## Assignment
Copy the records below exactly, omitting any pictures they contain.

───── Data to use

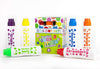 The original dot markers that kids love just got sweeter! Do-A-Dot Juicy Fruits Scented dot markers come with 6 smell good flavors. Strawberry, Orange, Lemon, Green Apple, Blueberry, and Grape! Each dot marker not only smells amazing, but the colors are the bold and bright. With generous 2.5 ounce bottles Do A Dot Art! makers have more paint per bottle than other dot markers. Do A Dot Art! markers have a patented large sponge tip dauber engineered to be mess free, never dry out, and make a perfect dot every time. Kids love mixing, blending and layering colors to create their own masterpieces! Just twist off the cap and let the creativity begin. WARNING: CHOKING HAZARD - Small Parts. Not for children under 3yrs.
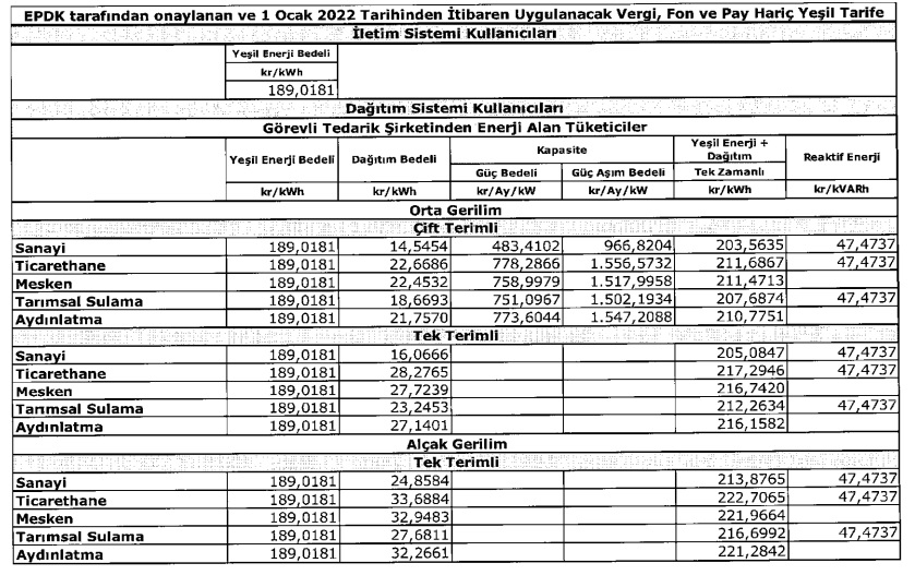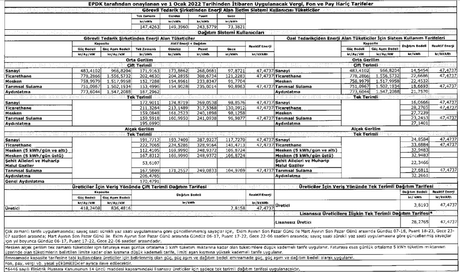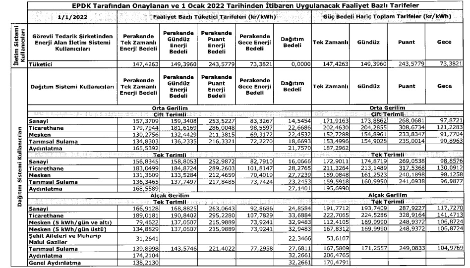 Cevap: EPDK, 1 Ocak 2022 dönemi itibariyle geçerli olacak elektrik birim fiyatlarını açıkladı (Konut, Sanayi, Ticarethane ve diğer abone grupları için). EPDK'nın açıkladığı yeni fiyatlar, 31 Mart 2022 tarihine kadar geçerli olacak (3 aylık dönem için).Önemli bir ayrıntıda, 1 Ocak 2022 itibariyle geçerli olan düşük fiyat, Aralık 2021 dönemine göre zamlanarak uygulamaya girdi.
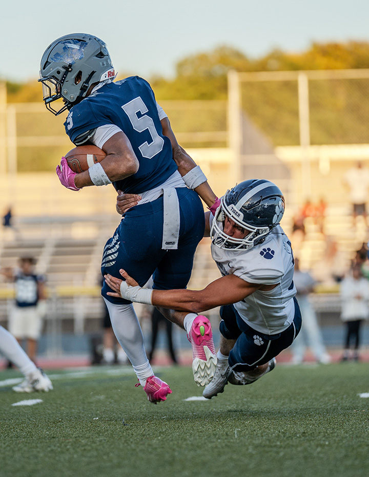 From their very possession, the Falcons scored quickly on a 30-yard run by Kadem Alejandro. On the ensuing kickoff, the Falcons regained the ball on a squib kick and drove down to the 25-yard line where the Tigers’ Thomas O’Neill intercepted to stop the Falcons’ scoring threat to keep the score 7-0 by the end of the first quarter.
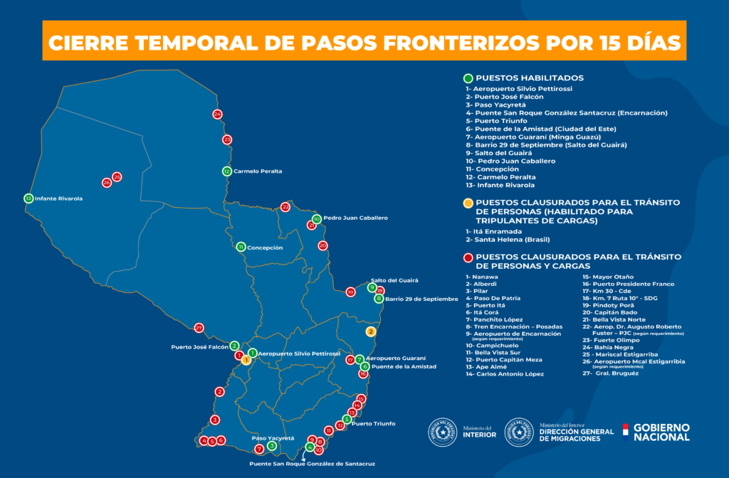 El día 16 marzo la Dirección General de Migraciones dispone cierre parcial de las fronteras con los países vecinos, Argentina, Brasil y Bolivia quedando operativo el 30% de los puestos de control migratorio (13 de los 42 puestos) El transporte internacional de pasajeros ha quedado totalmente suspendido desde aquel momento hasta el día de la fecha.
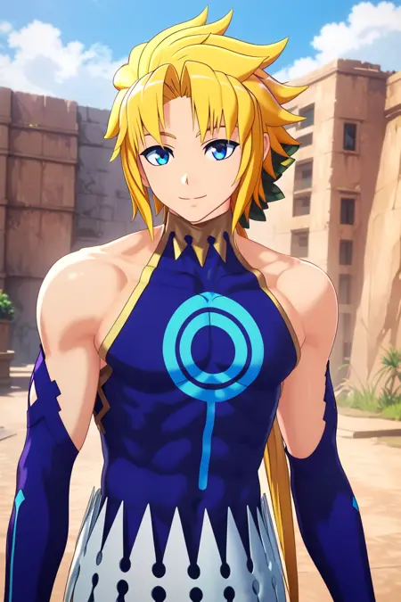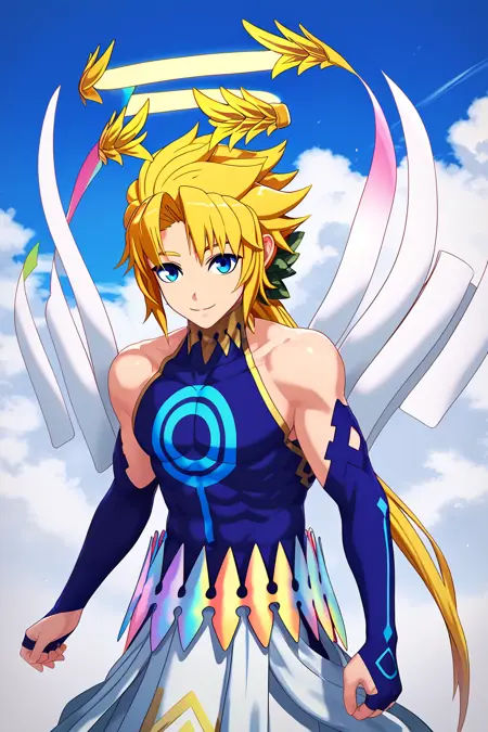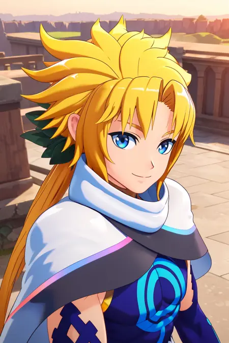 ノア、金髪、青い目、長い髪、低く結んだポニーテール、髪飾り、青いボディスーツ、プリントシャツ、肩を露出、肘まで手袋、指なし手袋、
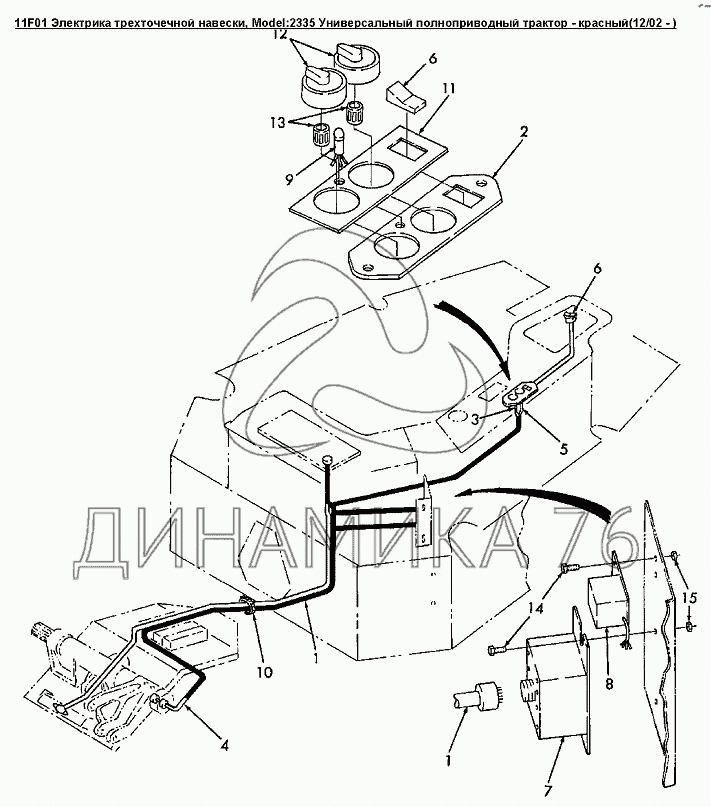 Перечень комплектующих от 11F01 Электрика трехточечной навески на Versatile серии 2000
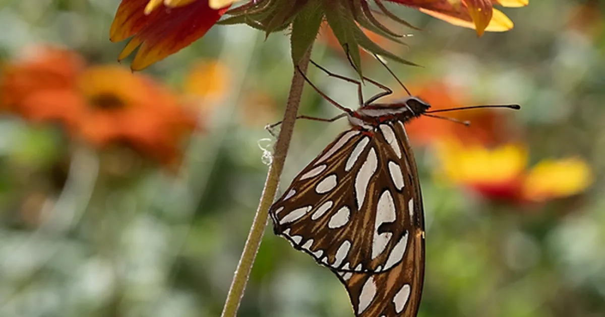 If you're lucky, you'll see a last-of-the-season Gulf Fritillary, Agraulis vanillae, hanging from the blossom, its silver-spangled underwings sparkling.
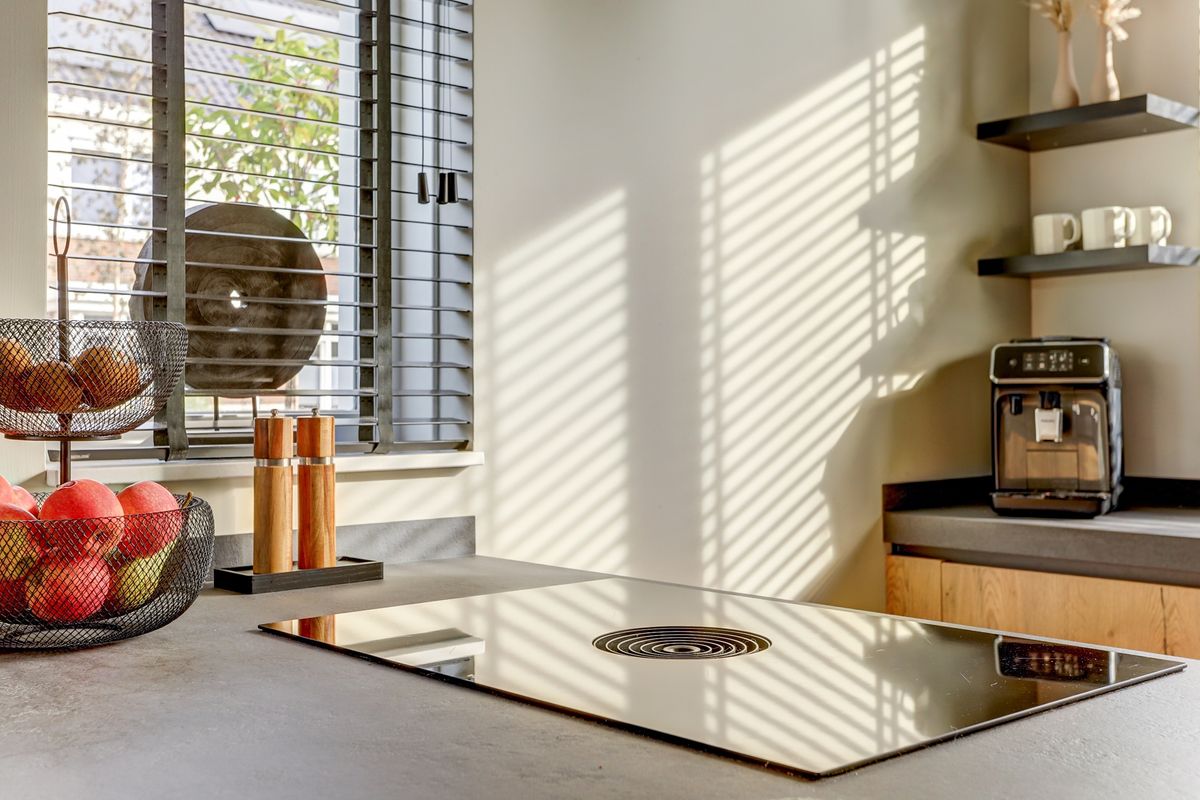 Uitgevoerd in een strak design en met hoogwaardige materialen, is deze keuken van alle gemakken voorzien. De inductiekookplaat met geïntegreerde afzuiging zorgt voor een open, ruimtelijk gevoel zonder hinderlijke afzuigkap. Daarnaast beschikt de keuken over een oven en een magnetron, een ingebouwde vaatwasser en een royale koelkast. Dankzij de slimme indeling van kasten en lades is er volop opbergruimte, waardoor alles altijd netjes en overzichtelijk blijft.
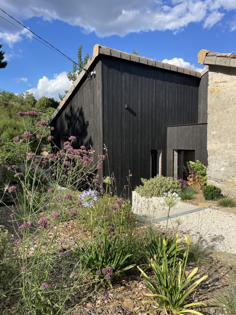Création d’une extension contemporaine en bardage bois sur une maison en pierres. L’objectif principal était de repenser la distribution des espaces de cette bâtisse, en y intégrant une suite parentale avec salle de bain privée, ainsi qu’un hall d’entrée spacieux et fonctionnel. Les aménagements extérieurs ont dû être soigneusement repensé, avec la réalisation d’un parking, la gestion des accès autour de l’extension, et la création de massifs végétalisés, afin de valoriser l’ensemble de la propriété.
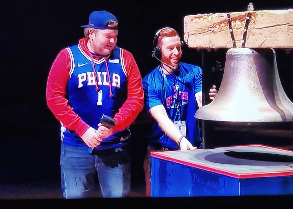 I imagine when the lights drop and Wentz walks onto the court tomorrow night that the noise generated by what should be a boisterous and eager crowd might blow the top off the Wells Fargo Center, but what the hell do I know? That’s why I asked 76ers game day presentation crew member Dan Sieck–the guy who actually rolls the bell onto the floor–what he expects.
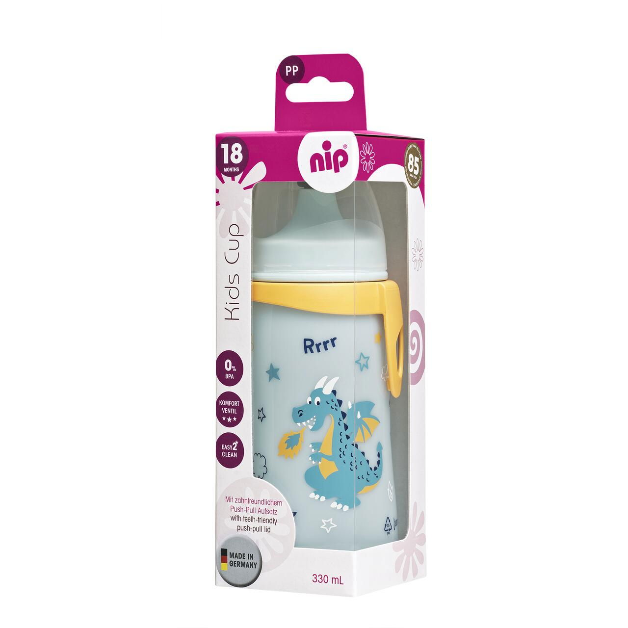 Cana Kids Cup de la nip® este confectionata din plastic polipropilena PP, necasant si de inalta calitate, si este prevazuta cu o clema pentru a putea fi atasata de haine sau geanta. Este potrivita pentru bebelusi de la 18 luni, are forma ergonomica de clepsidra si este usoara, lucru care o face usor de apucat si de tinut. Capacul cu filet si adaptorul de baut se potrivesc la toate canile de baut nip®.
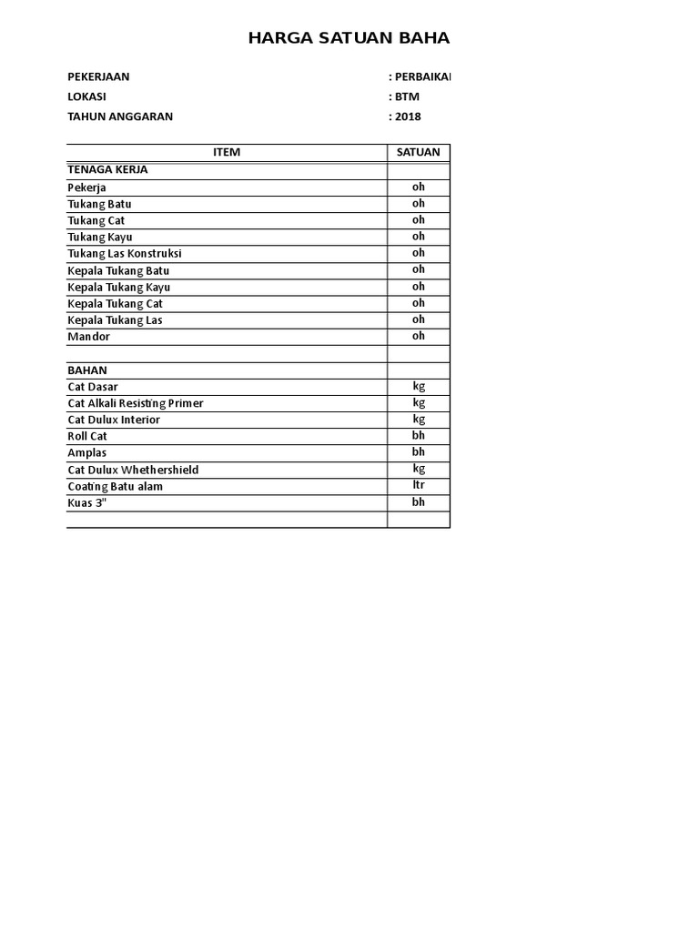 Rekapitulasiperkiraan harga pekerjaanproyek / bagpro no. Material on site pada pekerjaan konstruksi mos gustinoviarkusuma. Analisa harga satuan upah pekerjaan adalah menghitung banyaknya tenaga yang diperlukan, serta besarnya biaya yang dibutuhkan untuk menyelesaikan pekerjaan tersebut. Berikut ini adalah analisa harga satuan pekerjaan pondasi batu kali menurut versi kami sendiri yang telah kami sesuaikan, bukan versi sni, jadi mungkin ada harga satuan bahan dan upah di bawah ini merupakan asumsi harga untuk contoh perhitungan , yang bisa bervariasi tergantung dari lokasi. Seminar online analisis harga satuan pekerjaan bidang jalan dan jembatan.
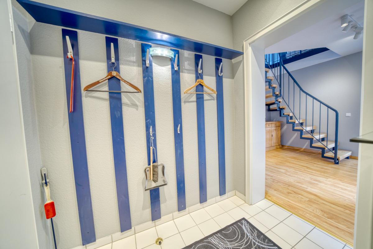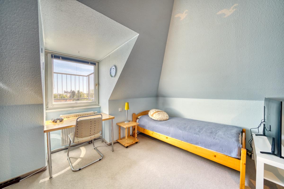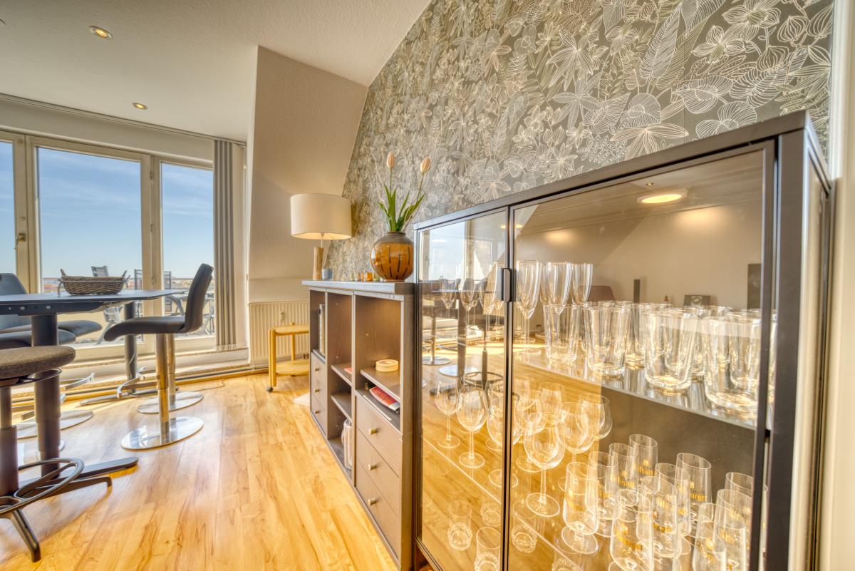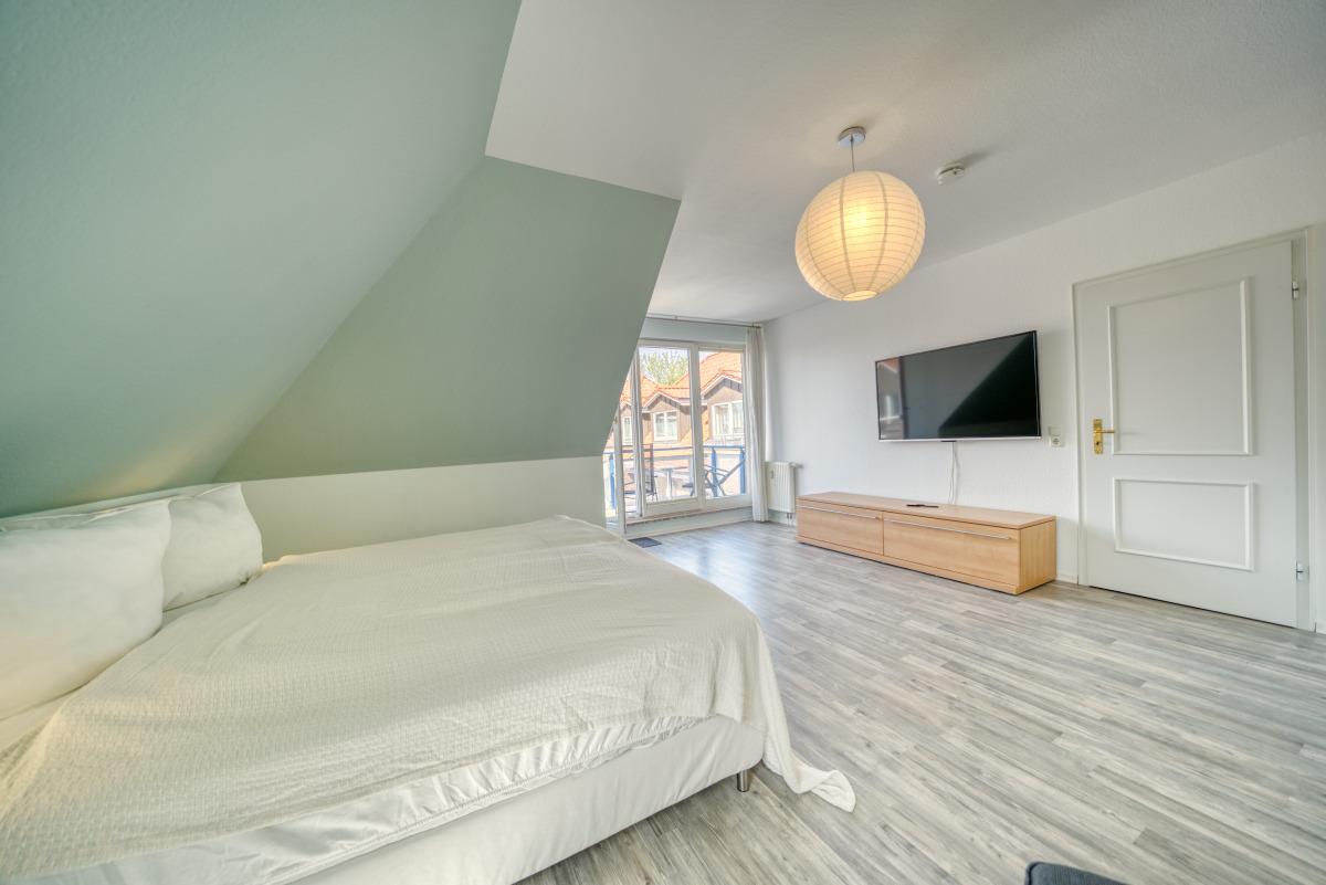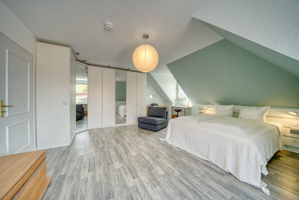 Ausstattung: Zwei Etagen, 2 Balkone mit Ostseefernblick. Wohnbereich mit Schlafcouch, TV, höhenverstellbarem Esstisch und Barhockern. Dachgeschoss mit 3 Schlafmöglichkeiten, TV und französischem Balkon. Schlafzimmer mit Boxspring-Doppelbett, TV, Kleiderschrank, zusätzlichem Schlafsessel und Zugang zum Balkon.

──────────

## Answer to the exercise
 The original dot markers that kids love just got sweeter! Do-A-Dot Juicy Fruits Scented dot markers come with 6 smell good flavors. Strawberry, Orange, Lemon, Green Apple, Blueberry, and Grape! Each dot marker not only smells amazing, but the colors are the bold and bright. With generous 2.5 ounce bottles Do A Dot Art! makers have more paint per bottle than other dot markers. Do A Dot Art! markers have a patented large sponge tip dauber engineered to be mess free, never dry out, and make a perfect dot every time. Kids love mixing, blending and layering colors to create their own masterpieces! Just twist off the cap and let the creativity begin. WARNING: CHOKING HAZARD - Small Parts. Not for children under 3yrs.
 Cevap: EPDK, 1 Ocak 2022 dönemi itibariyle geçerli olacak elektrik birim fiyatlarını açıkladı (Konut, Sanayi, Ticarethane ve diğer abone grupları için). EPDK'nın açıkladığı yeni fiyatlar, 31 Mart 2022 tarihine kadar geçerli olacak (3 aylık dönem için).Önemli bir ayrıntıda, 1 Ocak 2022 itibariyle geçerli olan düşük fiyat, Aralık 2021 dönemine göre zamlanarak uygulamaya girdi.
 From their very possession, the Falcons scored quickly on a 30-yard run by Kadem Alejandro. On the ensuing kickoff, the Falcons regained the ball on a squib kick and drove down to the 25-yard line where the Tigers’ Thomas O’Neill intercepted to stop the Falcons’ scoring threat to keep the score 7-0 by the end of the first quarter.
 El día 16 marzo la Dirección General de Migraciones dispone cierre parcial de las fronteras con los países vecinos, Argentina, Brasil y Bolivia quedando operativo el 30% de los puestos de control migratorio (13 de los 42 puestos) El transporte internacional de pasajeros ha quedado totalmente suspendido desde aquel momento hasta el día de la fecha.
 ノア、金髪、青い目、長い髪、低く結んだポニーテール、髪飾り、青いボディスーツ、プリントシャツ、肩を露出、肘まで手袋、指なし手袋、
 Перечень комплектующих от 11F01 Электрика трехточечной навески на Versatile серии 2000
 If you're lucky, you'll see a last-of-the-season Gulf Fritillary, Agraulis vanillae, hanging from the blossom, its silver-spangled underwings sparkling.
 Uitgevoerd in een strak design en met hoogwaardige materialen, is deze keuken van alle gemakken voorzien. De inductiekookplaat met geïntegreerde afzuiging zorgt voor een open, ruimtelijk gevoel zonder hinderlijke afzuigkap. Daarnaast beschikt de keuken over een oven en een magnetron, een ingebouwde vaatwasser en een royale koelkast. Dankzij de slimme indeling van kasten en lades is er volop opbergruimte, waardoor alles altijd netjes en overzichtelijk blijft.
Création d’une extension contemporaine en bardage bois sur une maison en pierres. L’objectif principal était de repenser la distribution des espaces de cette bâtisse, en y intégrant une suite parentale avec salle de bain privée, ainsi qu’un hall d’entrée spacieux et fonctionnel. Les aménagements extérieurs ont dû être soigneusement repensé, avec la réalisation d’un parking, la gestion des accès autour de l’extension, et la création de massifs végétalisés, afin de valoriser l’ensemble de la propriété.
 I imagine when the lights drop and Wentz walks onto the court tomorrow night that the noise generated by what should be a boisterous and eager crowd might blow the top off the Wells Fargo Center, but what the hell do I know? That’s why I asked 76ers game day presentation crew member Dan Sieck–the guy who actually rolls the bell onto the floor–what he expects.
 Cana Kids Cup de la nip® este confectionata din plastic polipropilena PP, necasant si de inalta calitate, si este prevazuta cu o clema pentru a putea fi atasata de haine sau geanta. Este potrivita pentru bebelusi de la 18 luni, are forma ergonomica de clepsidra si este usoara, lucru care o face usor de apucat si de tinut. Capacul cu filet si adaptorul de baut se potrivesc la toate canile de baut nip®.
 Rekapitulasiperkiraan harga pekerjaanproyek / bagpro no. Material on site pada pekerjaan konstruksi mos gustinoviarkusuma. Analisa harga satuan upah pekerjaan adalah menghitung banyaknya tenaga yang diperlukan, serta besarnya biaya yang dibutuhkan untuk menyelesaikan pekerjaan tersebut. Berikut ini adalah analisa harga satuan pekerjaan pondasi batu kali menurut versi kami sendiri yang telah kami sesuaikan, bukan versi sni, jadi mungkin ada harga satuan bahan dan upah di bawah ini merupakan asumsi harga untuk contoh perhitungan , yang bisa bervariasi tergantung dari lokasi. Seminar online analisis harga satuan pekerjaan bidang jalan dan jembatan.
 Ausstattung: Zwei Etagen, 2 Balkone mit Ostseefernblick. Wohnbereich mit Schlafcouch, TV, höhenverstellbarem Esstisch und Barhockern. Dachgeschoss mit 3 Schlafmöglichkeiten, TV und französischem Balkon. Schlafzimmer mit Boxspring-Doppelbett, TV, Kleiderschrank, zusätzlichem Schlafsessel und Zugang zum Balkon.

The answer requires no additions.